Dr. Altig also serves as an adjunct professor of economics in the graduate school of business at the University of Chicago.
Prior to joining the Atlanta Fed, Dr. Altig served as vice president and associate director of research at the Federal Reserve Bank of Cleveland. He joined the Cleveland Fed in 1991 as an economist before being promoted in 1997. Before joining the Cleveland Fed, Dr. Altig was a faculty member in the department of business economics and public policy at Indiana University. He also has lectured at Ohio State University, Brown University, Case Western Reserve University, Cleveland State University, Duke University, John Carroll University, Kent State University, and the University of Iowa, and in the Chinese Executive MBA program sponsored by the University of Minnesota and Lingnan College of Sun Yat-Sen University.

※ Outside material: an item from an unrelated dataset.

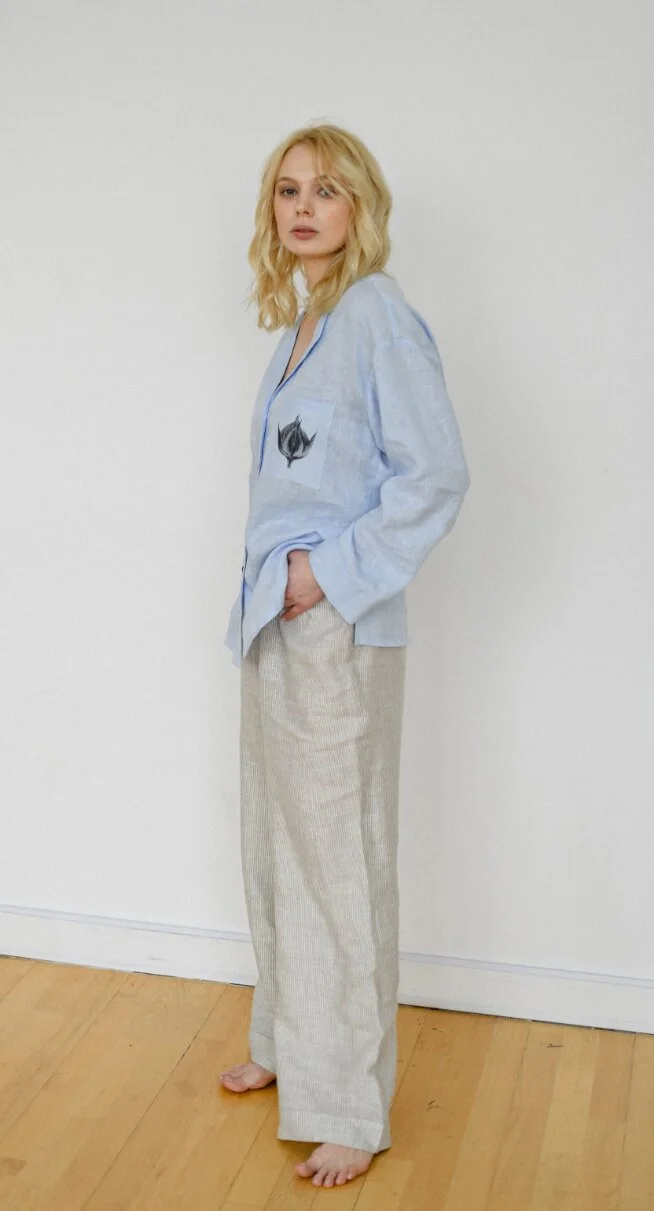 Льняная пижама с брюками в полоску от экологичного питерского бренда - это эстетика и комфорт в одном флаконе. Также у ребят можно найти потрясающие халаты с вышивкой, домашние костюмы в японском стиле и многое другое.

Dr. Altig’s research is primarily focused on monetary and fiscal policy issues. His articles have appeared in a variety of journals, and he has served as editor for several conference volumes on a wide range of macroeconomic and monetary-economic topics.
Dr. Altig graduated from the University of Iowa with a bachelor’s degree in business administration. He earned his master’s and doctoral degrees in economics from Brown University.
Michael Bryan
Mike Bryan is a vice president and senior economist in the Research Department of the Federal Reserve Bank of Atlanta. He is responsible for organizing the Atlanta Fed’s monetary policy process.